Вон где-то на середине моря, что ли, показался яркий пучок солнечных лучей.

— Ой, до чего же хорошо старый знает про погоду!.. Чародей! — восхищается Мишка.

Наконец рыбаки дождались своего «Красного помора».

— Что же ты так долго?! — сердито и радостно спросил Стрельцов у председателя.

— «Болиндер» загнулся, ремонтировали. А-а, старье, — досадно махнул Алексей Алганаич. — Ну, как живете-то здесь… Все здоровы?

— Бочек сколько привез? — вместо ответа спросил Петр.

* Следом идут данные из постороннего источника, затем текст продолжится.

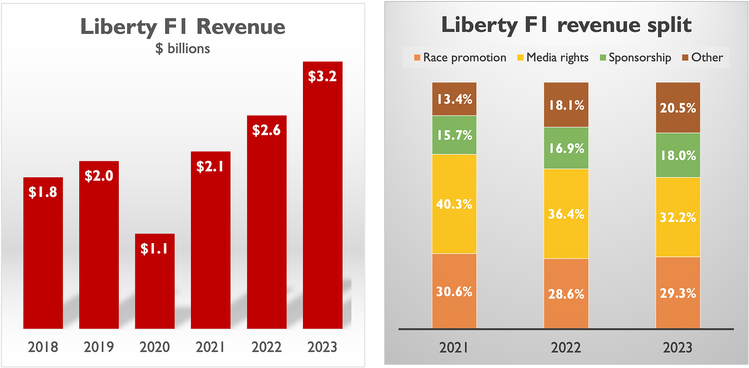 Liberty’s revenue increased 50% between 2021 and 2023, mainly due to the explosion in interest in F1 following the success of “Drive to Survive” on Netflix. In November 2023 the inaugural Las Vegas Grand Prix took place. This is the only race where Liberty acts as the promoter of the event. It was responsible for developing and operating the circuit and the F1 paddock facilities. In return Liberty collected all the revenue from ticket sales and other commercial income which appears in “Race promotion” revenue. Liberty also sells hospitality packages for the Las Vegas race, which appears in “other revenues” above. Lastly Liberty earns revenue from race sponsorships, including the Las Vegas GP title sponsorship sold to Heineken.

— Ты спроси, как живет Вера, что и как там с матерью… А то сразу же бочки ему подавай. Насчет бочек не обрадую.

— Вот это уж плохо. Я взял бочки на Покойниках на время, до вашего прихода. Обещал вернуть…

— Ладно, поморы еще из веры не вышли, сделаем, что надо. Рыбу сдайте им же на Покойники, и они спишут бочки. Только не растеряйте приемные квитанции.

— Как так им сдавать? Ты сдурел! — воскликнул Стрельцов. — Мы же из другого района.

Батыев рассмеялся:

— Я договорился… Ведь трест-то у нас один.

— Не-е знаю, Лексей Алганаич! Как бы не попасть нам впросак. А то мучаемся, где не доспим, где не доедим… руки в кровь «спустили»…

— Не бойся, Петя, сдавай рыбу на Покойники. Я отвечаю за свои слова.

— Ну, хорошо! Только напиши бумагу, чтоб потом мне перед колхозниками не моргать.

— Вот какой недоверчивый! Ладно, напишу распоряжение, — уже сердито сказал председатель.

— Ты, Лексей Алганаич, не серчай, дело-то артельное.

— Чудак-человек, за что же на тебя сердиться-то. По-своему ты прав, Батыева слова в карман не положишь.

— Ну и ладно. — Петр добродушно улыбнулся.

— Значит, вопрос разрешили, а теперь, чертенята, пляшите! — председатель раскрыл полевую сумку и хлопнул по ней смуглой рукой. — Письма от жен и невест! Уж дороже-то что может быть!

Первым сделал лихой перепляс бригадир и выхватил письмо.

Остальные, переминаясь с ноги на ногу, толкали друг друга, но никто не плясал.

— Ладно уж, я за всех! — и веселый Сашка Балябин, передразнивая деревенских старух плясуний, выхватил носовой платок и пустился плясать «барыню». Отплясав под общий хохот, подставил свою выцветшую измятую кепчонку.

— Выкладывай, Лексей Алганаич! А я заставлю их за «барыню» сети разбирать.

Батыев, от души посмеявшись, вывалил из сумки письма.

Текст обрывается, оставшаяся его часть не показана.